SEO in the AI era has stopped being a set of interchangeable tactics. Google AI is changing how customers find businesses, and many of the tactics agencies have been selling for years are losing relevance. This is not a prediction: it is an observable fact in the traffic metrics of any company with properly configured analytics.
Direct answer: in 2026, the tactics that generate the most impact are content based on first-hand experience (success stories, primary data), timely industry content, and brand presence on third-party sites. The ones that pay off the least are link building as an isolated strategy and the “two posts a month” model still sold as a content strategy.
The data that confirms it: according to Bain & Company, around 60% of searches on traditional search engines end without the user clicking through to another site. The user gets the answer directly from the AI, without leaving the results page. That radically changes what kind of content makes sense to produce and with what goal.

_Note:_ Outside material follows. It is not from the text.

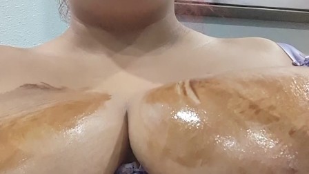 Puerto Rican Licking Chocolate Syrup Off Tits

At CRONUTS.DIGITAL we break down lever by lever what works, what has dropped off, and what the strategies that still generate traffic and leads in this scenario have in common.
Why AI changes the rules of SEO
Before getting into the tier list, it is worth understanding what exactly has changed. It is not just that a new feature has appeared in Google: it is a structural shift in how search works and, therefore, in how a company can capture organic attention.
Until 2023, the model was predictable: the user types a query, Google returns a list of links, the user clicks. Organic traffic reached your website. Today, that flow has broken at several points:
- Google AI Overviews: answer informational queries directly without the user having to click through to any site.
- ChatGPT Search, Perplexity and Claude: act as search engines that synthesize information from multiple sources and give a direct answer, citing selected sources.
- Search intent has changed: the user asks longer, more conversational questions and expects elaborate answers, not lists of results.
- According to SparkToro and SimilarWeb data (2024), the zero-click phenomenon especially affects informational queries, which represent more than 68.01% of all searches.
The practical result is that the organic traffic volume of many sites is dropping even when their rankings are good. Not because they have fallen in the rankings, but because there are fewer clicks available in the market. This does not mean that SEO in the AI era is dead. It means the type of content that ranks and that generates real traffic has changed radically.
The framework that best explains it is Google E-E-A-T (Experience, Expertise, Authoritativeness, Trustworthiness), expanded in 2022 to include direct experience as a quality signal. In practice: Google —and the AI models— prioritize content produced by those who have lived the topic, not just those who have researched it.
The SEO tier list for 2026
A tier list ranks elements from highest to lowest value or impact. In this context, we rank SEO in the AI era tactics by their real ability to generate traffic, authority and leads in the 2026 search environment. The scale runs from S (maximum impact) to D (minimal or negative).
S Tier — The maximum-impact levers
Your own success stories
Your own success stories are the most important type of content a company can publish in 2026, and most underrate it or simply do not have it. Google has explicitly stated that it rewards real experience and original information within its E-E-A-T framework. But beyond what Google declares, the logic is compelling: a success story with real data is, by definition, the only content on the internet that no one can replicate exactly the way you do.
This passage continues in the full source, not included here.